Provided material:

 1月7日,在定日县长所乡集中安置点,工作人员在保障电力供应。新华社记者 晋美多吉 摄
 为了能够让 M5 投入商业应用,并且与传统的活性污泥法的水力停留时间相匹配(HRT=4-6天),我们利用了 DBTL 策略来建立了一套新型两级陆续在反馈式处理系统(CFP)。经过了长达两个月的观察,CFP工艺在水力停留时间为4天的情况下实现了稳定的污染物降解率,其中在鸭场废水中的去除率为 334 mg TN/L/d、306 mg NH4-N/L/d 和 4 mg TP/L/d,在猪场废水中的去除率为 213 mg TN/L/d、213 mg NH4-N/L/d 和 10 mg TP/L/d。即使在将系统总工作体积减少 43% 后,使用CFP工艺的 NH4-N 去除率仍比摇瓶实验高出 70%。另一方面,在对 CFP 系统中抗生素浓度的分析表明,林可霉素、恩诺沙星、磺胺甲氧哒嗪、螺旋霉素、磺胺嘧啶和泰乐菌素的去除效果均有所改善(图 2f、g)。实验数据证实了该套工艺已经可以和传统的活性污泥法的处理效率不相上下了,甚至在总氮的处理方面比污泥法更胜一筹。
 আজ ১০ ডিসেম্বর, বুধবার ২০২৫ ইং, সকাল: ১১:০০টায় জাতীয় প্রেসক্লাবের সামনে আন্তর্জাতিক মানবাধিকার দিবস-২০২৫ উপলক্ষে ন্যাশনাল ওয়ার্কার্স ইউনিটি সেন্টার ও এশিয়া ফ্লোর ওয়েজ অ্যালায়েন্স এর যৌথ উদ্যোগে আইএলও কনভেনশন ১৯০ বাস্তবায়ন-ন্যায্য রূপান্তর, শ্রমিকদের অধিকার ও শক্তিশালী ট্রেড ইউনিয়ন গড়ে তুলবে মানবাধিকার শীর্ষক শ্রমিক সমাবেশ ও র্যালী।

Problem: Prepare a faithful transcription of the material above, with nothing altered.

Output for this task:
 1月7日,在定日县长所乡集中安置点,工作人员在保障电力供应。新华社记者 晋美多吉 摄
 为了能够让 M5 投入商业应用,并且与传统的活性污泥法的水力停留时间相匹配(HRT=4-6天),我们利用了 DBTL 策略来建立了一套新型两级陆续在反馈式处理系统(CFP)。经过了长达两个月的观察,CFP工艺在水力停留时间为4天的情况下实现了稳定的污染物降解率,其中在鸭场废水中的去除率为 334 mg TN/L/d、306 mg NH4-N/L/d 和 4 mg TP/L/d,在猪场废水中的去除率为 213 mg TN/L/d、213 mg NH4-N/L/d 和 10 mg TP/L/d。即使在将系统总工作体积减少 43% 后,使用CFP工艺的 NH4-N 去除率仍比摇瓶实验高出 70%。另一方面,在对 CFP 系统中抗生素浓度的分析表明,林可霉素、恩诺沙星、磺胺甲氧哒嗪、螺旋霉素、磺胺嘧啶和泰乐菌素的去除效果均有所改善(图 2f、g)。实验数据证实了该套工艺已经可以和传统的活性污泥法的处理效率不相上下了,甚至在总氮的处理方面比污泥法更胜一筹。
 আজ ১০ ডিসেম্বর, বুধবার ২০২৫ ইং, সকাল: ১১:০০টায় জাতীয় প্রেসক্লাবের সামনে আন্তর্জাতিক মানবাধিকার দিবস-২০২৫ উপলক্ষে ন্যাশনাল ওয়ার্কার্স ইউনিটি সেন্টার ও এশিয়া ফ্লোর ওয়েজ অ্যালায়েন্স এর যৌথ উদ্যোগে আইএলও কনভেনশন ১৯০ বাস্তবায়ন-ন্যায্য রূপান্তর, শ্রমিকদের অধিকার ও শক্তিশালী ট্রেড ইউনিয়ন গড়ে তুলবে মানবাধিকার শীর্ষক শ্রমিক সমাবেশ ও র্যালী।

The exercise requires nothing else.